4. The fixture for machining the thin-walled workpiece according to claim 1, wherein the supporting column (2) comprises a ball head (21), a first post rod (22) and a second post rod (23), the first post rod (22) is inserted into the vertical hole, the ball head (21) is fixedly arranged at the top of the first post rod (22), the second post rod (23) is fixedly arranged at the bottom of the first post rod (22), the second post rod (23) penetrates through the vertically aligned strip holes (9), and the diameters of the ball head (21) and the second post rod (23) are both larger than those of the first post rod (22).

5. The fixture for machining thin-wall parts according to claim 1, wherein the guide assembly (4) comprises linear bearings (41) and guide rods (42), the linear bearings (41) are fixedly installed at four corners of the side wall, away from each other, of the locking plate (6), the axes of the linear bearings (41) and the axes of rotating shafts in the overturning workbench (1) are arranged in parallel, one ends of the guide rods (42) are inserted and installed in the linear bearings (41), and the other ends of the guide rods (42) are fixedly assembled with the working box (7).
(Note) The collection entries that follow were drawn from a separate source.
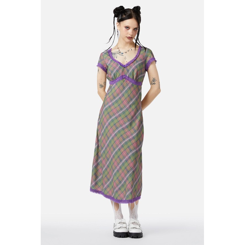 Vintage Look Tartan Dress -Features ‘Lola’ Diagonol Custom Tartan -Long Length Cut -Capped Sleeves -Includes Lace Trim Detail Around But And Neckline -Made From Viscose -Available In Multi
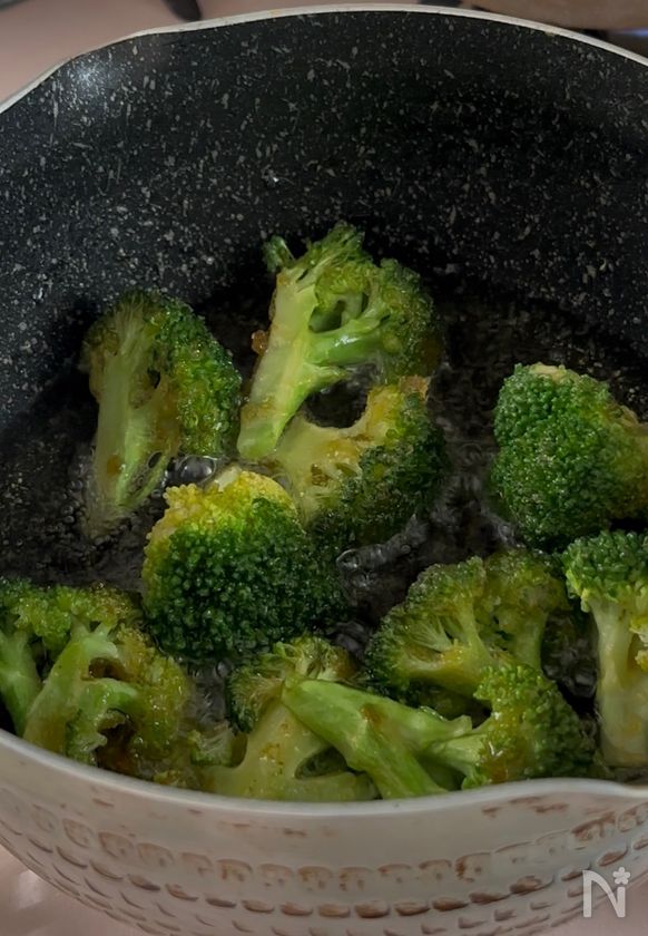 (3) 鍋に油を入れて、温まったらブロッコリーを加える。2分間揚げる。
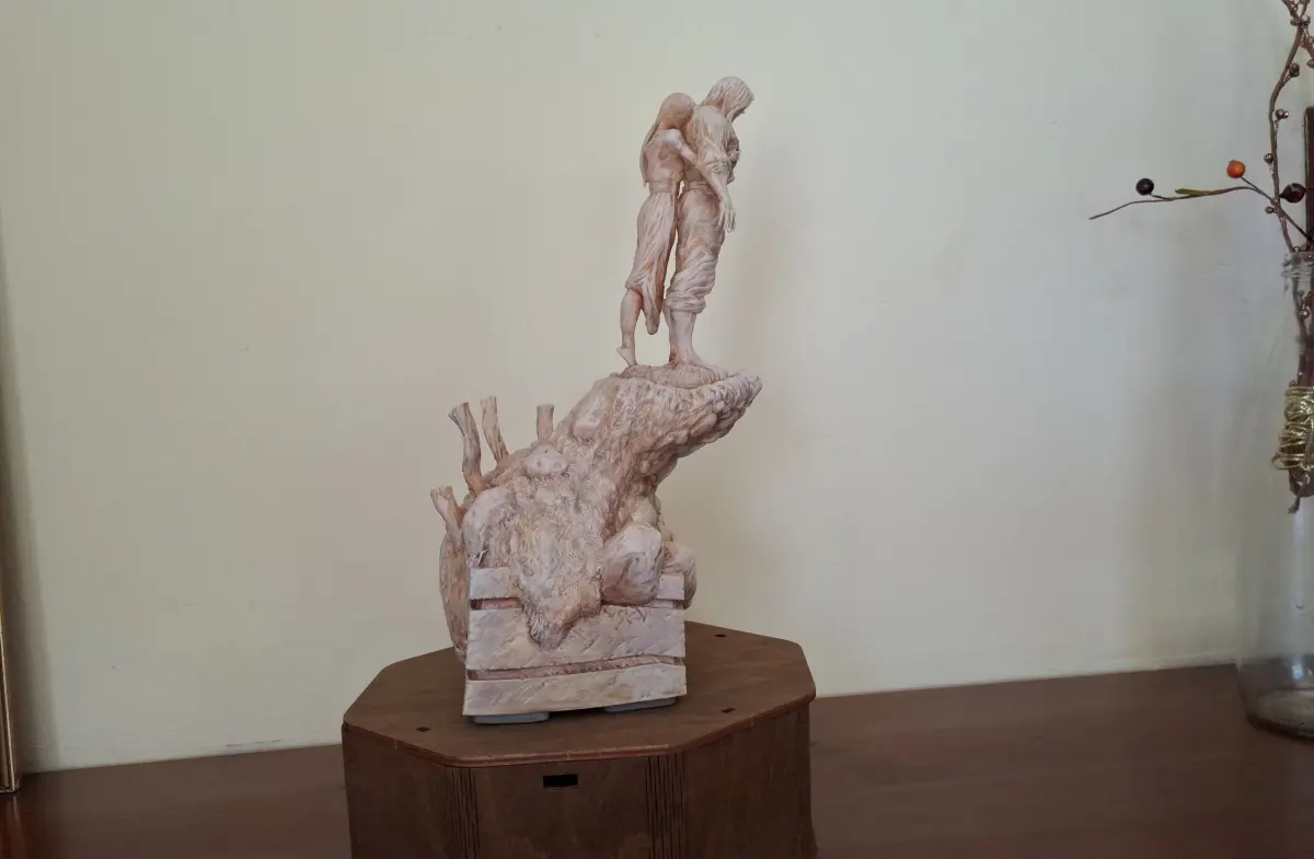 In the model both characters are meant be representing the one holding and the one surrendering, accepting. I like to see them as different wills we can find in ourselves.
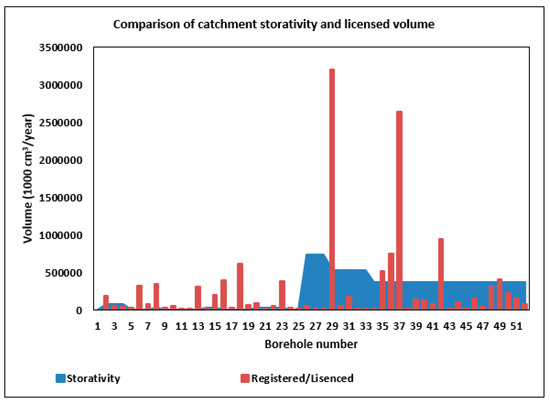 Relationship between storativity and licensed volume.
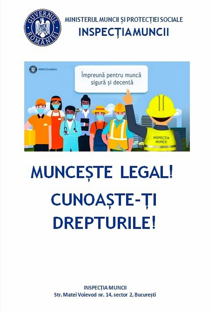 În perioada 08.07.2021 – 30 iulie 2021, în vederea creșterii gradului de conștientizare a lucrătorilor cu privire la consecințele sociale și economice negative pe care le produce munca nedeclarată și munca subdeclarată (munca ”la gri”), la drepturile și obligațiile pe care le au aceștia, precum și la riscurile la care se expun atunci când acceptă să muncească ”la negru” sau ”la gri”,  Inspectoratul Teritorial Sibiu, sub îndrumarea Inspecției Muncii, va desfășura acțiunea de informare ”MUNCEȘTE LEGAL!CUNOAȘTE-ȚI DREPTURILE”.
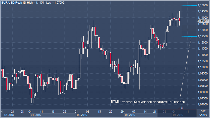 На предстоящей неделе ключевое внимание участников рынка будет направлено на розничные продажи и отчеты по потребительской инфляции. Также в фокусе будут коментарии некоторых представителей ФРС. Также следует учитывать, что в текущем 2 квартале, по мере приближения его финальной части, давление на евро будет увеличиваться со стороны рисков выхода Великобритании из состава ЕС (референдум в июне).

6. The fixture for machining the thin-walled workpiece according to claim 1, wherein the driving assembly (5) comprises guide wheels (51), a deflector rod (52) and an air cylinder (53), the air cylinder (53) is fixedly arranged on the lower side of the inside of the working box (7), the deflector rod (52) is fixedly arranged at the push rod end of the air cylinder (53), two guide wheels (51) are rotatably arranged at the top of the deflector rod (52), the upper guide wheels (51) are located in the first sliding groove (8), the lower guide wheels (51) are located in the second sliding groove (11), and the first sliding groove (8) and the second sliding groove (11) are distributed in a V shape when the deflector rod (52) is pulled forwards.

7. The fixture for machining thin-walled parts according to claim 1, wherein arc plates (10) are fixedly installed at the left end of the upper long-strip hole (9) and the right end of the lower long-strip hole (9), and the arc plates (10) aligned left and right clamp the same support column (2) in use.